Los bolivianos que ahora viven en España buscan solucionar su problema de radicatoria, obtener su documento de identificación (DNI), tener un trabajo más estable, cotizar a la seguridad social, tramitar su doble la nacionalidad y buscar los medios para insertarse a la sociedad española, que de cierta forma, denota racismo y discriminación hacia los bolivianos.

Los migrantes que no logran la radicatoria, el permiso de trabajo y que no encuentran mejores oportunidades, optan por regresar a su patria, porque en esas condiciones ya no vale la pena seguir vendiendo su fuerza de trabajo lejos de su patria y de su familia, porque no existe capacidad de ahorro, por eso prefieren retornar a su país, con la idea de invertir sus ahorros en un negocio o una actividad que le permita generar ingresos económicos.

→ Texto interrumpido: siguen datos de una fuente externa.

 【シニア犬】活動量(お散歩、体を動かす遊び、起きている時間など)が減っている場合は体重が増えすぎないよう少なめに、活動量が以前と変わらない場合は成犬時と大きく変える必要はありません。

La migración, en los últimos años, hacia España nos muestra tendencias crecientes, por falta de empleo y de ingresos económicos en el país, que permitan garantizar una vida digna y que además de cubrir las necesidades básicas, se pueda pensar en el ahorro para acceder a la compra de vivienda y de otras necesidades secundarias que cada uno de nosotros tiene planteado a futuro.

Antes de la aplicación de modelo neoliberal, la migración interna era la más tradicional, migrar del campo a la ciudad, de las comunidades a las provincias, a los centros mineros para trabajar en la explotación del mineral, migración de una ciudad a otra ciudad. La migración hacia los países europeos no era muy frecuente, salvo a la zafra en la Argentina o el Brasil con mayor preferencia.

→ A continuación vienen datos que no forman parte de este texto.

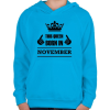 1 kép PRINTFASHION Ez a királynő novemberben született - Gyerek kapucnis pulóver - Azúrkék

Sin embargo, la migración externa se acentúa más durante la década de los años 80 y se intensifica a partir de agosto de 1985 cuando se aplica el modelo neoliberal, lo que ocasiona la falta de acceso a vivienda, trabajo, salud y acceso a educación, debido a la migración interna, principalmente de mineros en un promedio de 30 mil que van a radicar a La Paz, Cochabamba, Oruro, Tarija, El Alto y Santa Cruz, lo que ocasiona un problema difícil de enfrentar.

En la década de los años 80 se empieza a pensar en el sueño europeo, es decir, la búsqueda de lugares alternativos para radicar y mejorar los ingresos económicos, ya no es el sueño americano, solución que se pensaba que estaba en Estados Unidos donde ahora radican miles y miles de bolivianos. La nueva alternativa se dio con mayor prioridad en España, pero también Italia, principalmente Bérgamo, donde muchos bolivianos encuentran espacios de trabajo para solucionar sus problemas y lograr una cierta estabilidad económica personal y de su familia.

La vuelta a casa de los bolivianos migrantes en España ocasionada por las nuevas políticas sociales y económicas aplicadas en ese país, plantea nuevos desafíos para el Gobierno nacional, en la perspectiva de generar mayor empleo para reinsertarlos en la sociedad con goce pleno de sus derechos.